A construction worker hoists himself up a building with the apparatus shown in the figure. A rope is attached to a chair and passes through a massless pulley that can turn without friction. The worker pulls on the free end to lift himself. Suppose that the combined mass of the chair and the man is 100 kg. With what force must the man pull down on the free end of the rope so that his upward acceleration is 0.940 m/s2?
net force=mass*a
force on left-forceonright=mass*a
force on left -100*9.8=100*.940
To find the force with which the man must pull down on the free end of the rope, we can use Newton's second law of motion.
1. Identify the relevant forces:
- The gravitational force acting on the man and the chair (weight)
- The tension force in the rope
2. Determine the forces:
- The gravitational force on the man and the chair is given by:
F_gravity = mass * gravity
F_gravity = 100 kg * 9.8 m/s^2
F_gravity = 980 N (upward)
- The tension force in the rope pulls the man and the chair upward. Let's denote it as T.
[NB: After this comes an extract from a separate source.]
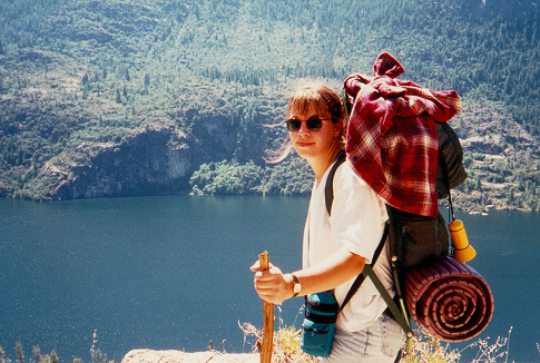 An excellent picture of Kathi during a break in our hike (79k jpeg). |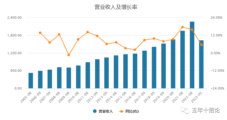 公司当前市值2156.50亿美元,PE(TTM)为35.7倍,股息率为0.6%,自1986年上市以来,累计上涨290倍,年化收益率16.28%,可见公司是一个非常优秀的长牛股。最近公司发布了2023年Q3季度的财报,我们开展分析,看其能否持续增长。

3. Apply Newton's second law of motion:
The net force acting on the system (man and chair) is given by:
F_net = m * a
Since the system is moving upward, the net force is the difference between the tension force and the gravitational force:
F_net = T - F_gravity
Rearranging the equation, we get:
T = F_gravity + F_net
T = F_gravity + (m * a)
4. Substitute the given values:
- F_gravity = 980 N (upward)
- m = 100 kg
- a = 0.940 m/s^2
T = 980 N + (100 kg * 0.940 m/s^2)
5. Calculate the tension force:
T = 980 N + 94 N
T = 1074 N
Therefore, the man must pull down on the free end of the rope with a force of 1074 N in order to achieve an upward acceleration of 0.940 m/s^2.